На том было и разошлись, замяв дело. Ан нет. Через год мне аукнулось.

Было это сразу после краха «Интеграла» и моего несостоявшегося остракизма: гора, родившая мышь, настаивала хотя бы на изменении к худшему данной мне институтом характеристики для защиты докторской диссертации в Москве. С этой целью и заявился Костюк со товарищи в наше партбюро, доказывая, какой я есть плохой. Но партбюро упорно с этим не соглашалось, потому что формально я был абсолютно безгрешен. И тут высокий гость достает «аргумент свой единственный», вынул и на стол положил.

Заседал партийный синклит до поздней ночи, а я ждал его решения дома, но так и лег спать, не дождавшись. Наутро поднимаюсь по институтской лестнице, а навстречу мне секретарь нашего партбюро, один из могикан, прибывших в Новосибирск из Москвы в одном вагоне со мной и нашим шефом, Воеводским.

Увидев меня, побагровел и прямым матом:

– Ты что же, так твою и разэтак, зачем ты им такое говорил?

– Что именно, Юра?

– Что дескать не согласен с нашей партией?

– А по какому вопросу, Юра?

– По сексуальному!

При всем драматизме ситуации меня разобрал смех, если не сказать хохот. Отсмеявшись, я невинно поинтересовался:

– А какова точка зрения партии по этому вопросу, Юра? Не более скольких раз (в день, в неделю) или, может быть, существуют некие указания насчет поз?

Дошло.

– Все равно не надо было говорить, – буркнул он, удаляясь, дескать не упоминай имя сие всуе.

И смех, и грех. Характеристику мне, конечно, подпортили, обозначив «нечеткие идейные позиции», но на ученый совет «Химической Физики» это впечатления не произвело, в отличие от двухтомника «Квантовая кинетика», представленного мною к защите.

Вскользь о карьере

Не следует думать, что волны антисемитизма не докатывались до меня в застойные времена. Начать с того, что сразу после фестиваля по настоянию партбюро университета меня формально уволили с кафедры общей физики. Но даже, не получая зарплаты, я продолжал читать свой курс еще несколько лет по личному разрешению Беляева. Однако следующая, антисемитская волна накрыла и его. Курс был сочтен излишним и ликвидирован, исключительно для того, чтобы освободиться от лектора. Для меня самое прискорбное в этом было то, что мое отлучение от общей физики состоялось при молчаливом попустительстве только что назначенного заведующего кафедрой, профессора Димова, с которым мы приятельствовали и вместе путешествовали по Судзухинской тайге близ Японского моря и по нехоженым тропам вокруг Байкала. В отличие от этого «зиц-заведующего» кафедрой, Спартак Беляев, по-видимому, тяготился возложенной на него миссией и, покидая Академгородок через несколько лет, завещал исправить допущенную несправедливость. Что и было исполнено: я вернулся на курс и на кафедру.

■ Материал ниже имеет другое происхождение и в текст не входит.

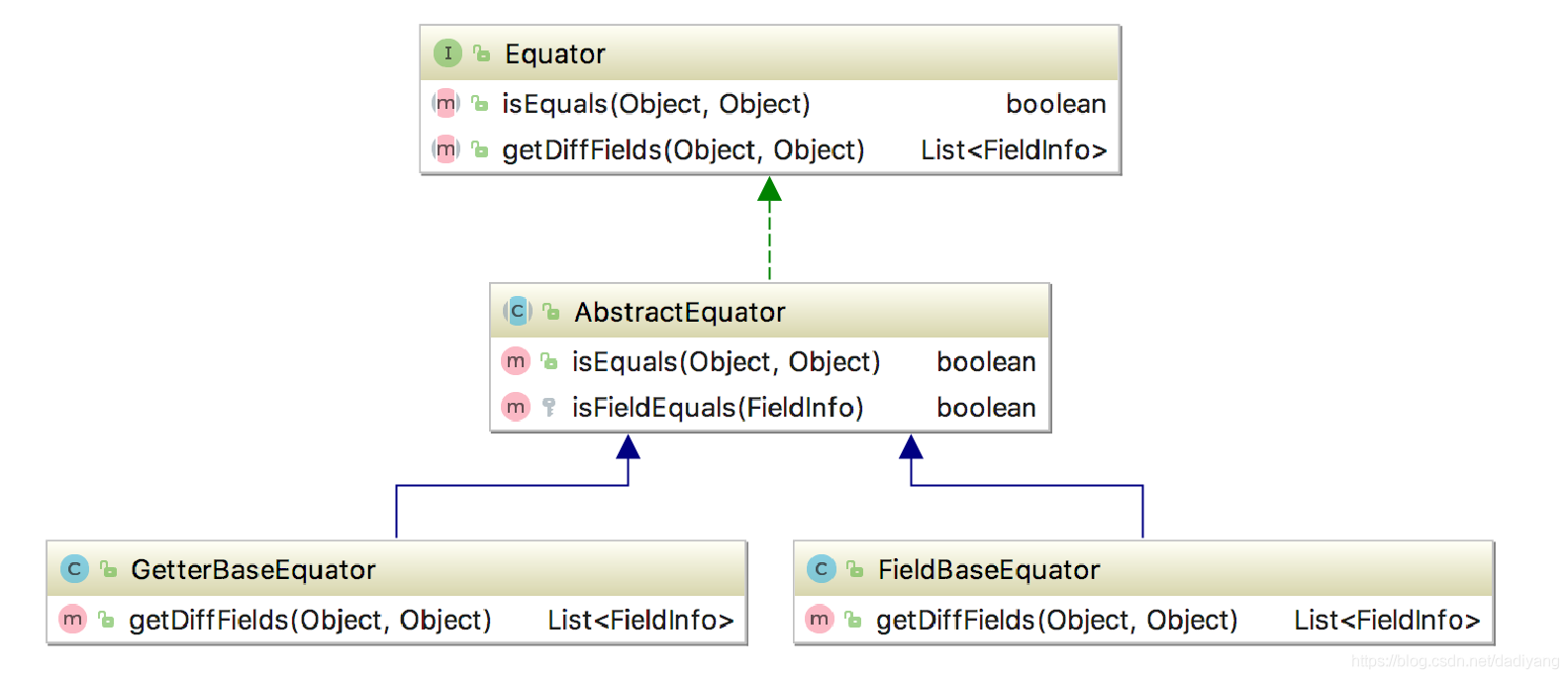 使用反射对传入的对象进行比对,提供了基于字段的比较器和基于 Getter 方法的对比器,并且充分考虑扩展性,使用者可以重写字段的比对规则。功能相对简单,代码实现也不难,而且做了很多注释,具体实现可以直接查看源码。

Увы, моего изгнания из общей физики оказалось недостаточно. Начались нападки на виртуальную кафедру «Молекулярной физики», которую я де-факто возглавлял. А это множество спецкурсов, читаемых разными профессорами десяткам студентов, проходящим практику или делающим свои дипломы во всех химических институтах. После партийного собрания, на которое меня, беспартийного, предупредительно пригласили, чтобы выслушать каскад немотивированных нападок на кафедру, я решил, что пришла пора ставить точку на своем подвижничестве.

Пригласил к себе декана физфака вместе с директором своего института и объявил, что готов передать кафедру последнему под обещание официально произвести меня в заведующие теоретической лабораторией, которой я руководил уже несколько лет, тоже де-факто. Предложение было принято, кафедра из «молекулярной» стала» «химической», и обещание тоже было исполнено, не прошло и двух лет. Новообретенная лаборатория Теоретической химии стала моей последней «тимуровской командой», иногда разбухавшей до 15 и более сотрудников, аспирантов и практикантов, где 5 дней в неделю я «служил», а в остальные отдавался научной работе.

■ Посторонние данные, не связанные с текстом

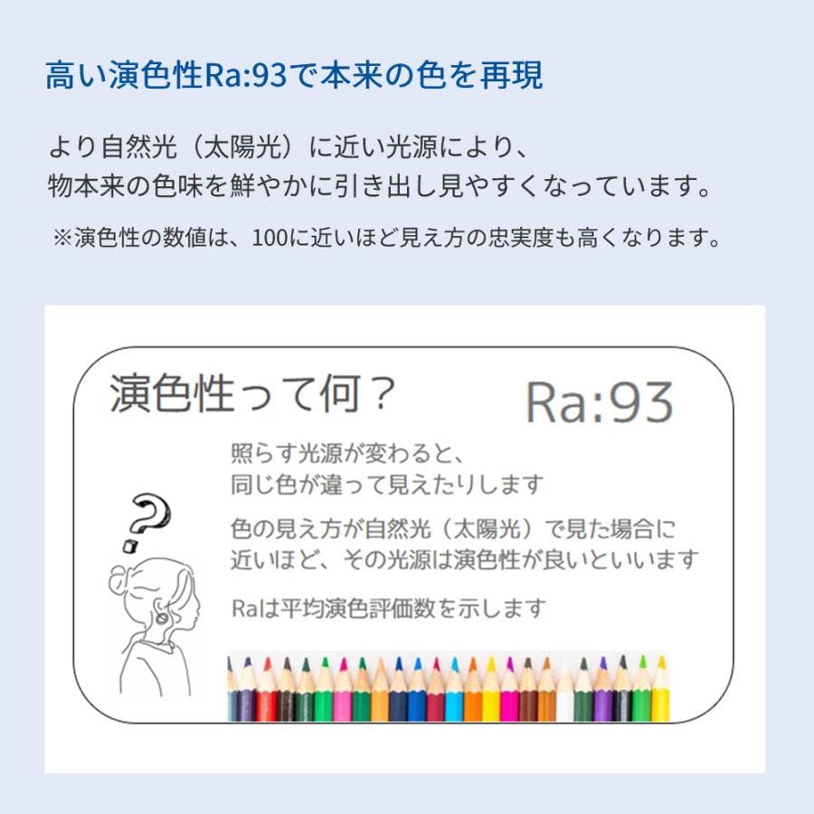 ■定格消費電力:45W■照明の演色性:Ra:93■照明器具別全光束:5,400lm■光源色:電球色/昼白色/昼光色、色温度2,700〜6,500K■調光:10段階 100%〜10%■調色:11段階 電球色〜白色系 + 常夜灯

Очень важный компонент этой работы, который невозможно игнорировать, – это международные научные контакты. Уж не знаю почему, но то, что возможно объяснить коллеге буквально на пальцах, то есть на словах и картинках, неизбежно выливается при опубликовании в многостраничные статьи, зачастую трудные в прочтении. Не говоря уже о литературных справках и ссылках, которые в одночасье удается добыть из головы собеседника, вместо того чтобы днями, а то и неделями, искать их в библиотеке или Интернете. Поэтому-то и мигрируют ученые по разным странам и весям, посещая конференции, симпозиумы и семинары, набираясь уму-разуму. Что до отечественных весей, то все они были к моим услугам, а вот иные страны – «зась» (табу «по-одесски», возможно украинизм). Не пускали меня никуда и до, и после краха «Интеграла». С подкупающей откровенностью мне объяснил это секретарь партийной организации института, с которым мы в одном вагоне приехали некогда в Новосибирск вместе с ВВ.

– Ну, посуди сам, – говорил он – ты беспартийный, холостой и еще еврей ко всему прочему.

Дискриминация по 5-му пункту была обыденной реальностью наших дней и воспринималась чуть ли не как норма жизни. Но я не готов был с ней мириться.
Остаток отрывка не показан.